The Ekman boundary layer over orography: An analysis of vertical motion

Abstract

A model of the planetary boundary layer is used to determine the field of vertical motion over large-scale orography. This model represents Ekman boundary-layer dynamics modified by the inclusion of accelerations of the geostrophic wind under the geostrophic momentum approximation. The orography is represented by a circular mountain. The inviscid solution is provided by the sum of a constant translation and a steady, uniform potential vorticity, anticyclonic vortex. The boundary-layer solution vanishes on the mountain, but is matched to the inviscid solution as the top of the boundary layer is approached.
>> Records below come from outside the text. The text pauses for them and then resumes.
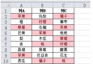 有時需要要提取多行多列區(qū)域中的重復數(shù)據(jù)到某列,如下圖所示,A2:C11包含一些重復的水果名稱(已用深紅色進行了標記),要將重復的名稱提取到E列。
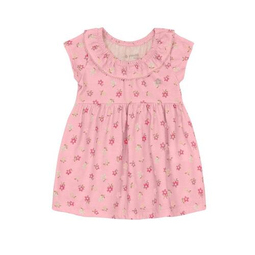 Encante-se com o vestido bebê menina da Brandili, confeccionado em meia malha suave e adorável estampa de florzinhas! Com mangas curtas e uma delicada gola redonda com babados, este vestido traz um toque de charme e conforto para os pequenos momentos. As pregas na saia proporcionam um efeito rodado perfeito para brincar e se divertir. Combine com um laço no cabelo e sandálias para um look adorável. Invista na alegria e estilo da sua pequena com essa peça que ela vai adorar usar!
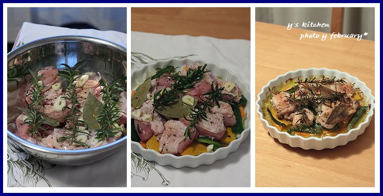 ローズマリー、ベイリーフを乗せて上からオリーブオイルをかけ、
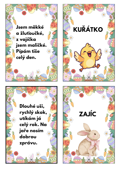 - 17 rýmovaných velikonočních hádanek (vajíčkové kartičky)

The vertical velocity field at the top of the boundary layer is determined by integration of the continuity equation. The field of motion is largely determined by descent from above into the anticyclonic circulation, as in the classical Ekman model. Contributions that arise from the inclusion of accelerations are associated with boundary-layer advection and ageostrophic divergence that produce vorticity tendencies. Finally, the boundary-layer vertical motion is shown to be comparable in magnitude to the vertical motion forced by inviscid flow over the orography, although the distributions of each are significantly different. Effects of mountain asymmetry and a changing pressure field, that can be treated more fully by numerical model simulations, are not considered in the present study.